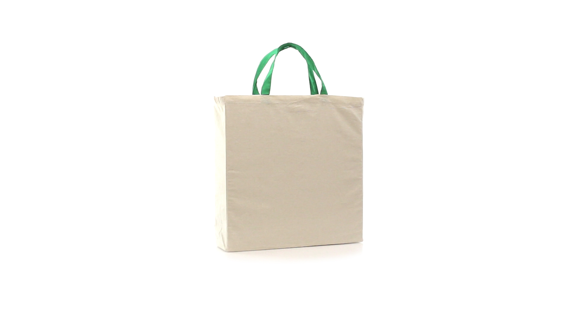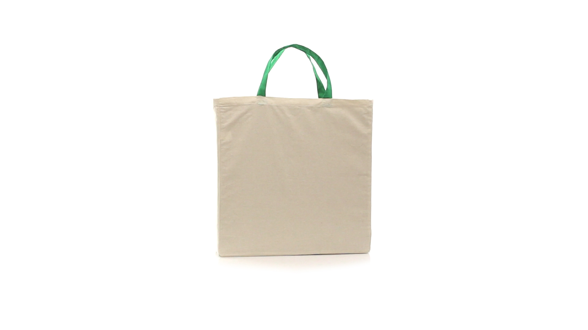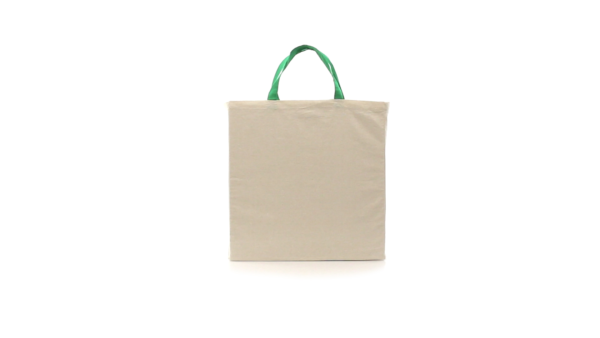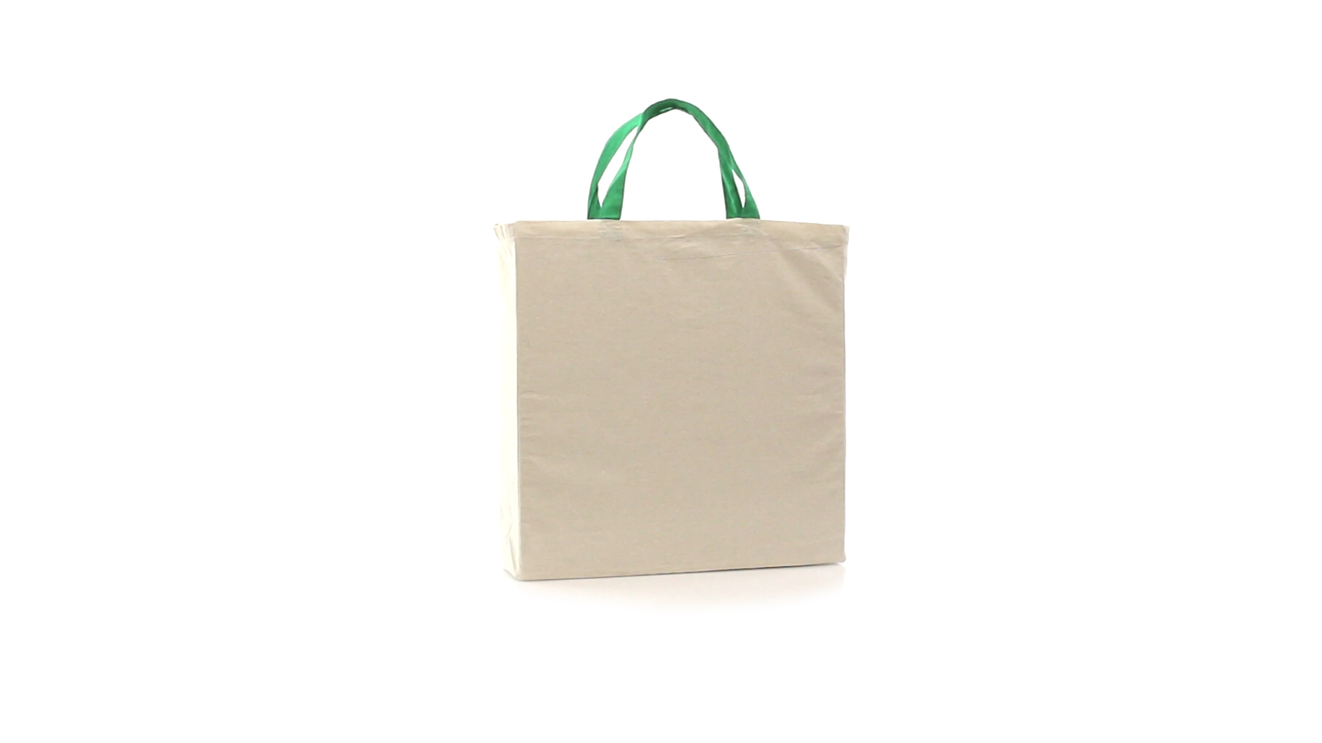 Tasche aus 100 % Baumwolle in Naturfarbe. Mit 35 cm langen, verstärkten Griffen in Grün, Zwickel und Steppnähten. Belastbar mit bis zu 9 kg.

————

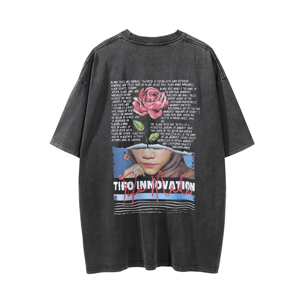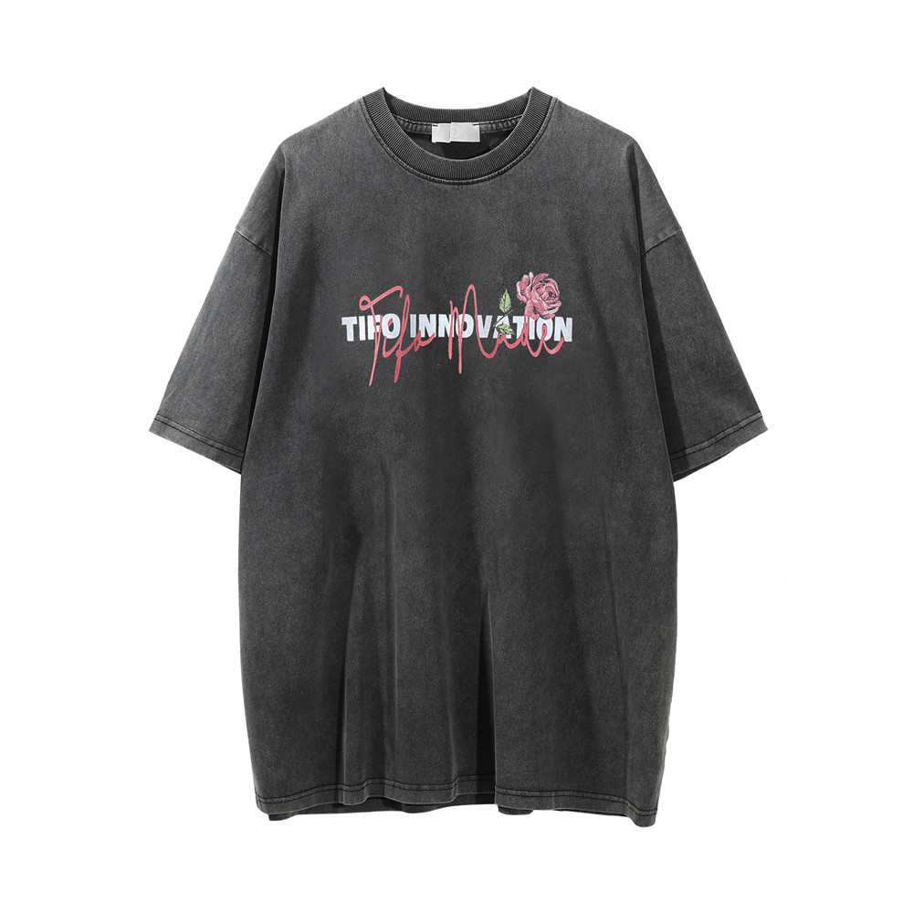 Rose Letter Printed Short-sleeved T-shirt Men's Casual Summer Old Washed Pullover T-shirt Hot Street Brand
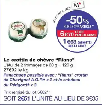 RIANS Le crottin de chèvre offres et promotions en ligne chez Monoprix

————

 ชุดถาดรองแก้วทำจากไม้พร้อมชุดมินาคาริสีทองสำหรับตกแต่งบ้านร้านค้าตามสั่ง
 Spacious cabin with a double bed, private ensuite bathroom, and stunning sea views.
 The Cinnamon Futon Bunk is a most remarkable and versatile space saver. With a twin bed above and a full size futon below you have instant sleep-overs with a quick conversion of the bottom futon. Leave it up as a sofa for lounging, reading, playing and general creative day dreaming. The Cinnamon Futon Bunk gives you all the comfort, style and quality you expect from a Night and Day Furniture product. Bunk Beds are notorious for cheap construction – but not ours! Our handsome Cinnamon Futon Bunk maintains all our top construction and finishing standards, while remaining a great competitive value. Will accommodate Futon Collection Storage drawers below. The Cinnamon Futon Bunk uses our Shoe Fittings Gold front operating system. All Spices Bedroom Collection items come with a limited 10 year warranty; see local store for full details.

————

:: TASK INSTRUCTIONS ::
Everything above from the line containing "ชุดถาดรองแก้วท" down to the line containing "The Cinnamon Futon Bunk is" is to be transcribed exactly, with both of those lines included and nothing else added.

:: SOLUTION TO THE EXERCISE ::
 ชุดถาดรองแก้วทำจากไม้พร้อมชุดมินาคาริสีทองสำหรับตกแต่งบ้านร้านค้าตามสั่ง
 Spacious cabin with a double bed, private ensuite bathroom, and stunning sea views.
 The Cinnamon Futon Bunk is a most remarkable and versatile space saver. With a twin bed above and a full size futon below you have instant sleep-overs with a quick conversion of the bottom futon. Leave it up as a sofa for lounging, reading, playing and general creative day dreaming. The Cinnamon Futon Bunk gives you all the comfort, style and quality you expect from a Night and Day Furniture product. Bunk Beds are notorious for cheap construction – but not ours! Our handsome Cinnamon Futon Bunk maintains all our top construction and finishing standards, while remaining a great competitive value. Will accommodate Futon Collection Storage drawers below. The Cinnamon Futon Bunk uses our Shoe Fittings Gold front operating system. All Spices Bedroom Collection items come with a limited 10 year warranty; see local store for full details.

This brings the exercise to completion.